Mas, para ela, seguir os passos da mãe e do avô não foi um caminho óbvio. Apesar de ajudar no salão desde adolescente, a empreendedora estudou arquitetura durante dois anos até perceber que era apaixonada mesmo por cabelo. Ao voltar para a empresa da família, ela teve a missão de aprimorar as fórmulas dos produtos usados no salão. “No começo, nossos produtos duravam um mês e precisavam ficar guardados na geladeira. A gente tinha nosso próprio jeito de fazer, as ervas primeiro viravam infusões e depois shampoos, mas não conseguiríamos ganhar escala dessa forma, a indústria não queria fabricar”, conta.

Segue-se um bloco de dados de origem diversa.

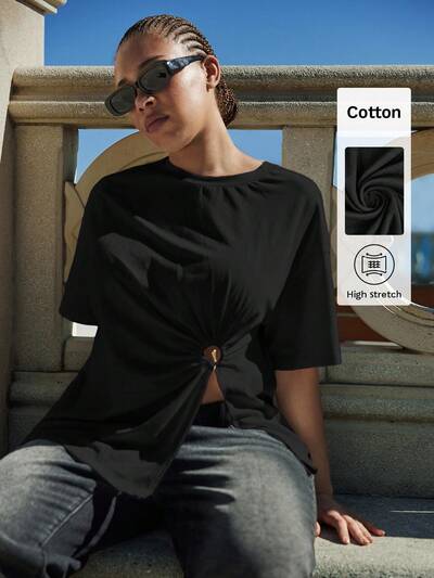 SHEIN Maija Plus Size Women's Cotton Round Neck Short Sleeve T-Shirt, With Metal Ring Design On Front Waist, Business Casual Basic Top,For Vintage Women Old Money Teacher For Women Romantic, Fashion, Versatile Summer Women Party Top Beach Holiday Vacation Going Out Graduation Elegant Women's Blouses Casual Blouses Formal Attire Work Office For Women
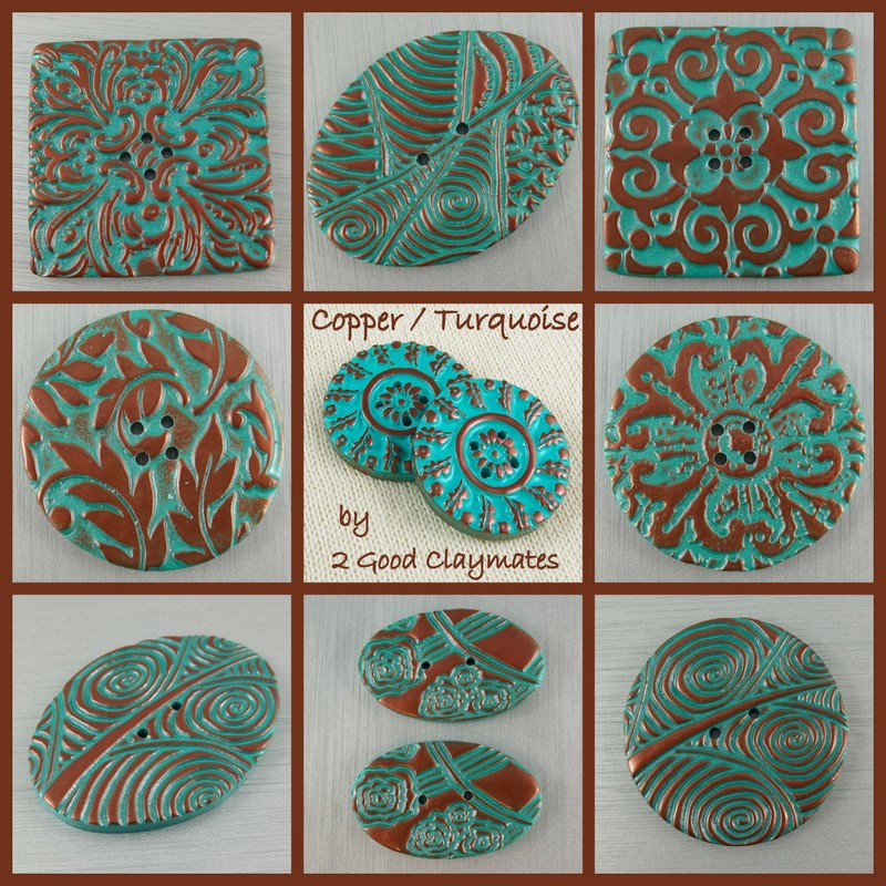 Here is a sampling of a few different button styles all in the same turquoise and copper combination.

O jeito que ela encontrou para dialogar com os fabricantes foi estudar cosmetologia. “Meu foco era desenvolver produtos que não agredissem nem o ser humano, nem o meio ambiente. De que adianta um shampoo com maior período de conservação, mas mais poluente?”, diz Cris.
Aliando o conhecimento familiar com o que aprendeu na indústria farmacêutica, Cris levou o Laces para um novo patamar. Já consagrada na capital paulista, a empresa buscou a partir de 2011 uma gestão mais profissional para expandir os salões e os produtos naturais nacionalmente. Com isso, Itamar Cechetto, esposo de Cris, assumiu a presidência do negócio, enquanto ela hoje comanda as áreas de desenvolvimento de produto e de pessoas. “Adoro estar todo dia no salão, em contato com os clientes e com os funcionários. Aqui, todos que entram precisam passar por um treinamento para aprender sobre os produtos e sobre nossas práticas sustentáveis”, conta a empreendedora.
No salão, por exemplo, os profissionais de beleza são ensinados a utilizar uma ferramenta própria para fazer luzes e reflexos nos cabelos, já que desde 2006 a empresa não utiliza mais papel alumínio nesses procedimentos — no total, mais de 11 toneladas do material já foram economizadas. Na frente de produto, além de utilizar plástico biodegradável para as embalagens, Cris se preocupa em criar fórmulas não poluentes. No Brasil, o Laces foi um dos primeiros salões a desenvolver colorações para cabelo utilizando somente plantas.